== TASK OBJECTIVE ==
From top to bottom, retype the data exactly, passing over any picture.

== COLLECTED MATERIAL ==

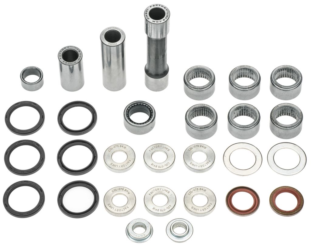 - Sady Factory Links vždy obsahují konkrétní komponenty (čepy, ložiska, pouzdra, příložky, podložky, rozpěrky, simeringy, kloubová ložiska, jehlová ložiska) pro konkrétní motocykly (detaily v zařazení).
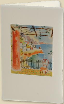 Scatola da 5 cartoncini doppi e 5 buste 12x18. La stampa eseguita in litografia su una particolare carta patinata adesiva applicata sul cartoncino. Il dipinto riprende la copertina del menù proposto a pranzo sulla nave Andrea Doria negli anni 1950 circa.
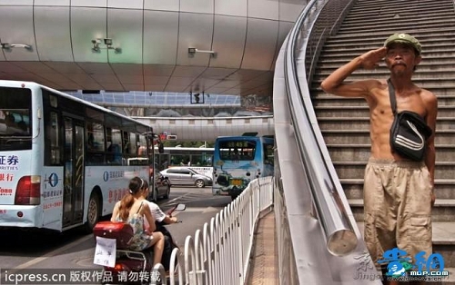 2011年9月6日,“敬禮哥”在貴陽市大十字人行天橋入口處面向過往行人畢恭畢敬的敬禮,以文明禮貌的方式向行人乞討�!熬炊Y哥”家住貴陽,今年45歲,單身一人,每天靠上萬次的敬禮乞討為生。
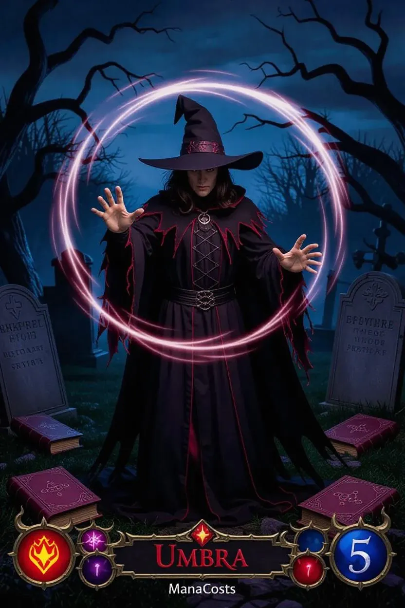 A dark sorcerer summoning a swirling vortex of eerie, ethereal energy, wearing tattered black robes with crimson lining and a pointed hat, standing amidst a haunted, mist-shrouded graveyard at dusk, with crumbling headstones and twisted, gnarled trees looming in the background, as a faint, pulsating glow emanates from ancient tomes scattered around, displaying the card's rarity as 'Legendary', faction symbol 'Umbra' emblazoned on the sorcerer's cloak in blood-red, and a mana cost of 5 dark, glowing orbs hovering above his outstretched hand.

== ANSWER SECTION ==
 - Sady Factory Links vždy obsahují konkrétní komponenty (čepy, ložiska, pouzdra, příložky, podložky, rozpěrky, simeringy, kloubová ložiska, jehlová ložiska) pro konkrétní motocykly (detaily v zařazení).
 Scatola da 5 cartoncini doppi e 5 buste 12x18. La stampa eseguita in litografia su una particolare carta patinata adesiva applicata sul cartoncino. Il dipinto riprende la copertina del menù proposto a pranzo sulla nave Andrea Doria negli anni 1950 circa.
 2011年9月6日,“敬禮哥”在貴陽市大十字人行天橋入口處面向過往行人畢恭畢敬的敬禮,以文明禮貌的方式向行人乞討�!熬炊Y哥”家住貴陽,今年45歲,單身一人,每天靠上萬次的敬禮乞討為生。
 A dark sorcerer summoning a swirling vortex of eerie, ethereal energy, wearing tattered black robes with crimson lining and a pointed hat, standing amidst a haunted, mist-shrouded graveyard at dusk, with crumbling headstones and twisted, gnarled trees looming in the background, as a faint, pulsating glow emanates from ancient tomes scattered around, displaying the card's rarity as 'Legendary', faction symbol 'Umbra' emblazoned on the sorcerer's cloak in blood-red, and a mana cost of 5 dark, glowing orbs hovering above his outstretched hand.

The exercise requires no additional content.